Potts grew up in Iowa but moved to Arizona. Coming back, she felt a large disparity between her two communities.

“Growing up in my younger adult life in Arizona, we really didn’t talk that much about culture because everybody is who they are. A person is person. So then coming back to Iowa, I would have thought things would have been more diverse and inclusive, but it’s starting. It’s really starting here, you know?” Potts said.

Of course, no growth can happen without conversation.

“I definitely feel like Ankeny has a lot of growing it can do, but I really feel like it’s hard to grow if you never talk about it. You can’t change things that you don’t discuss. Everybody just stays the same. There’s no conversations being had, so it won’t change,” Johnson said.

With the recent election of new leaders in the district, Potts is optimistic about the future.

“With the support of Dr. Pruitt and moving things forward, I think the district’s going to be in good hands for the next several years,” Potts said.

Future Goals

Currently, the district is working towards the equity goals they have created.

“We have developed some key indicators that will help educators and departments be more strategic and specific addressing academic and opportunity gaps,” Morris Jr. said.

Multiple schools in the district are making individual efforts to improve DEI for their students.

“I’ve set up some networks with different organizations, like the Ankeny Community Network, which does Juneteenth, and things like that, and Grandview, and DMACC, where some kids who wouldn’t get to see the college will see the college,” Johnson said.

Next year, she plans on expanding her equity group.

“The kids coming from Southview [next year] will have had me and been involved with the equity group. It will change the culture of the building,” Johnson said.

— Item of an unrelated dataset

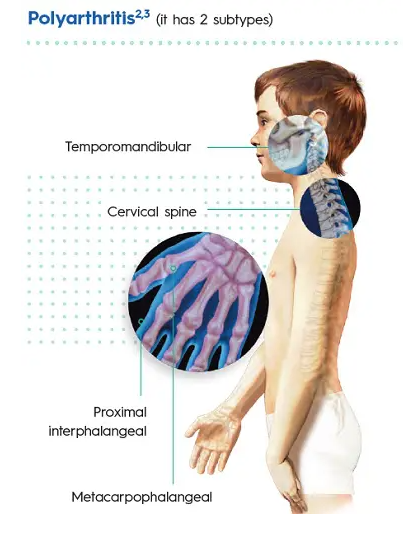 다수관절형 (Polyarticular type, Polyarthritis)은 5개 이상의 관절 침범하는 경우로

Over at Northview, Potts hopes to continue working with her student union. They meet every Wednesday.

Parkview and AHS have been gaining student feedback to create systems that will combat bullying and discrimination.

The hope is that within the next few years, the culture will continue to grow and change.

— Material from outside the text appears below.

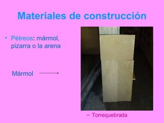 Este documento describe diferentes materiales de construcción como pétreos (mármol, pizarra, arena), cerámicos (ladrillos, tejas), vidrios, materiales aglutinantes (cemento, yeso), y compuestos (hormigón, asfalto). También discute propiedades como densidad, resistencia a la compresión y tracción de estos materiales. Explica que las cerámicas se obtienen de arcilla, feldespato y arena, y que los vidrios son transparentes, duros y resistentes a la corrosión.

“I just hope the growth continues for supporting a diverse, inclusive community because the world is changing. People having an open mind and wanting to learn about various cultures is important,” Potts said.

The district believes that DEI is an integral part of their responsibility to improve student education.

“We’re living in a time where diversity, equity, inclusion is being co-opted into something that it’s not,” Morris Jr. said. “Diversity is just simply the differences that may make a difference. In the end, diversity, equity and inclusion is humanity work, and it is within our differences that lies our humanity.”